- EXERCISE PROMPT: Exactly as they stand, copy the lines from the one containing "幼い子どもと巨大ロボットが寄" to the final line of the data; leave out the pictures.

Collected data

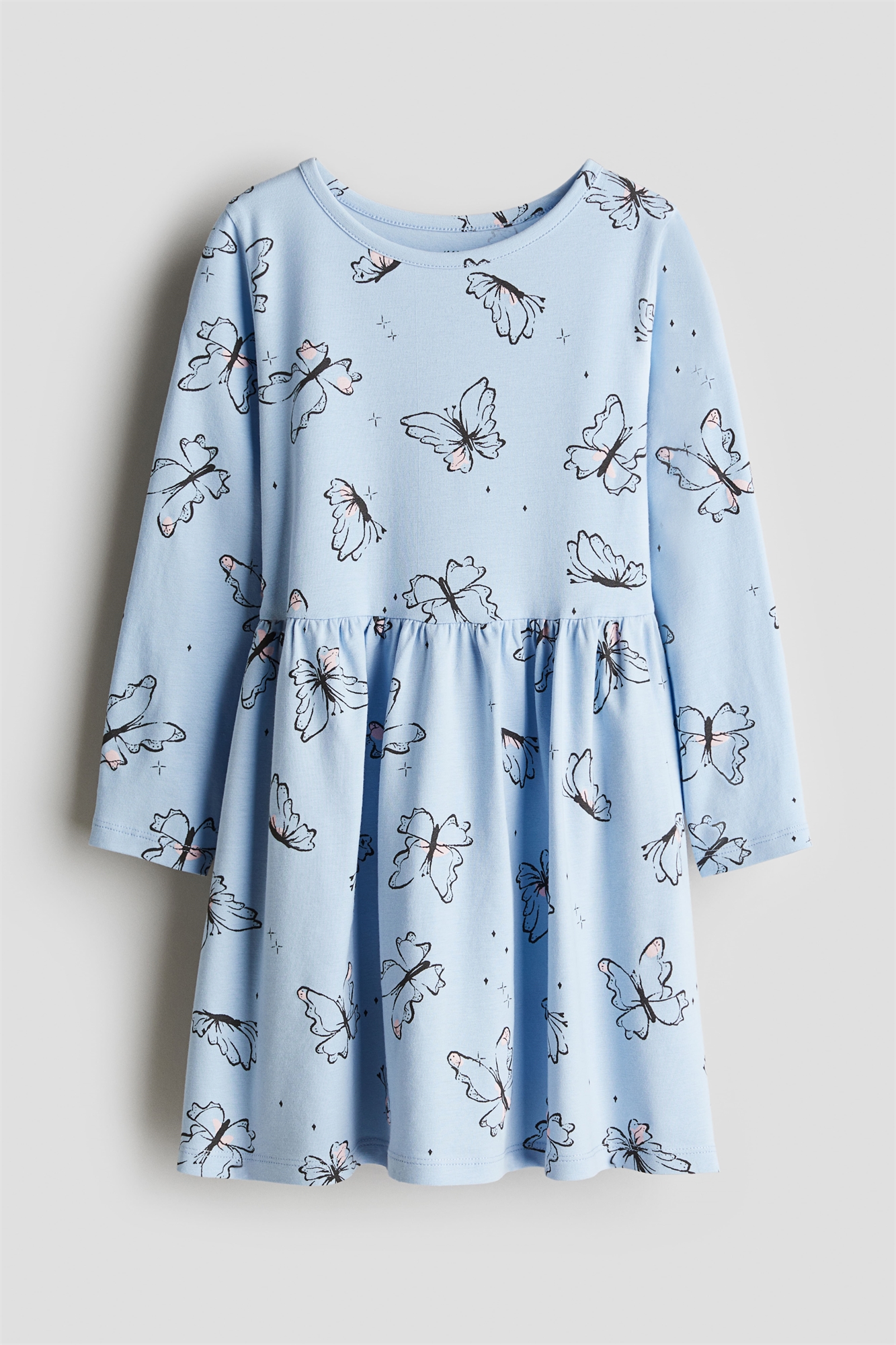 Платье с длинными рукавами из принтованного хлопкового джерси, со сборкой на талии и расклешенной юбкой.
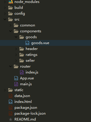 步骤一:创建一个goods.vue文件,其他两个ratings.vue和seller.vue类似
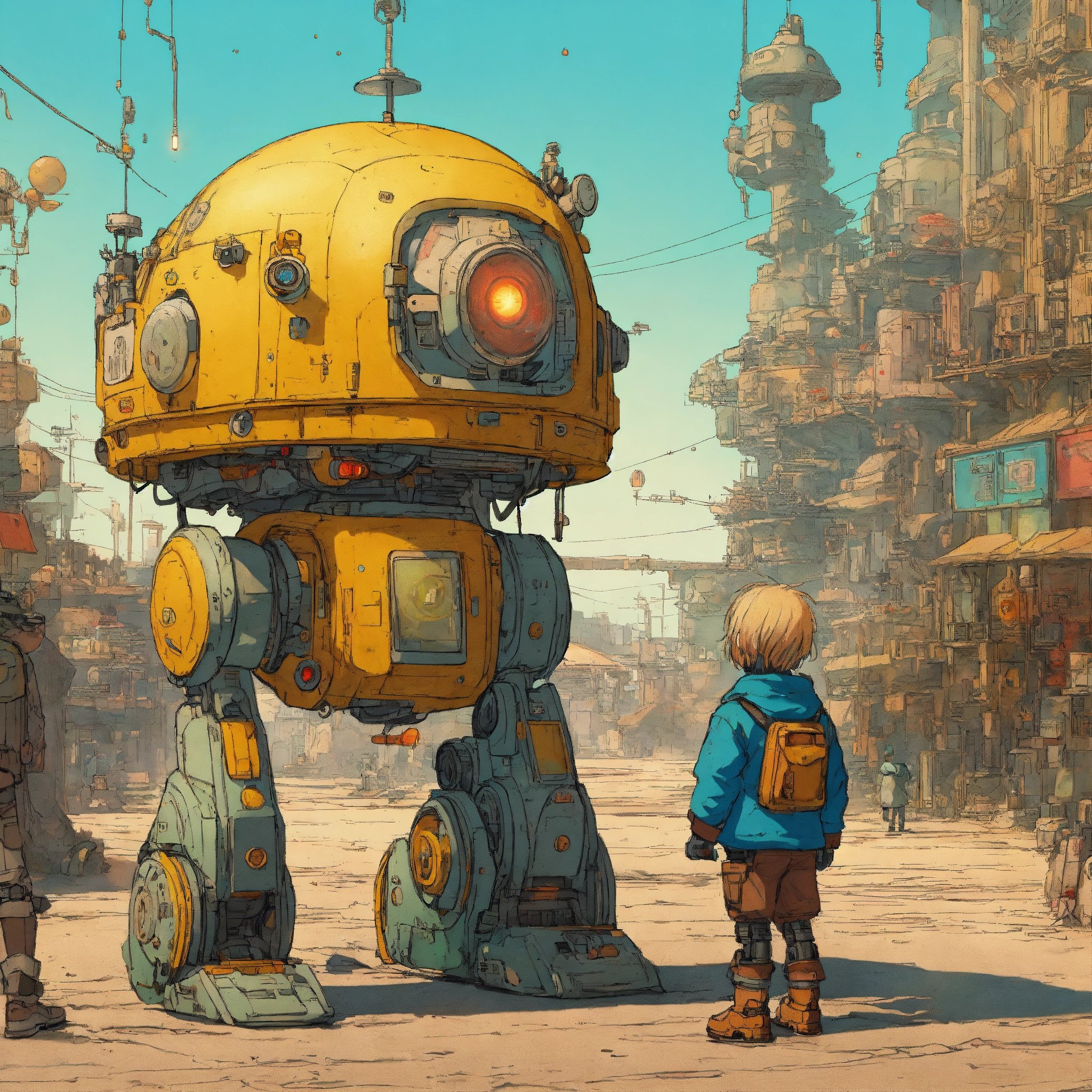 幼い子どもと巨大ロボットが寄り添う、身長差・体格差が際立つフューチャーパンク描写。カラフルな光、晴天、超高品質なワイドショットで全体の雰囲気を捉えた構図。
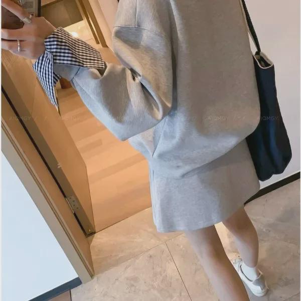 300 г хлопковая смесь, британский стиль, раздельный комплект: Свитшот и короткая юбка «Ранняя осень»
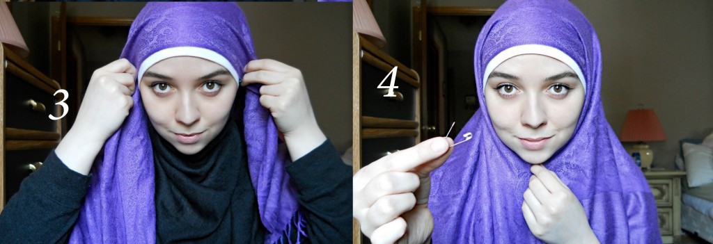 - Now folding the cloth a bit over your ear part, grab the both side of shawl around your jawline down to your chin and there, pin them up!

- SOLUTION:
 幼い子どもと巨大ロボットが寄り添う、身長差・体格差が際立つフューチャーパンク描写。カラフルな光、晴天、超高品質なワイドショットで全体の雰囲気を捉えた構図。
 300 г хлопковая смесь, британский стиль, раздельный комплект: Свитшот и короткая юбка «Ранняя осень»
 - Now folding the cloth a bit over your ear part, grab the both side of shawl around your jawline down to your chin and there, pin them up!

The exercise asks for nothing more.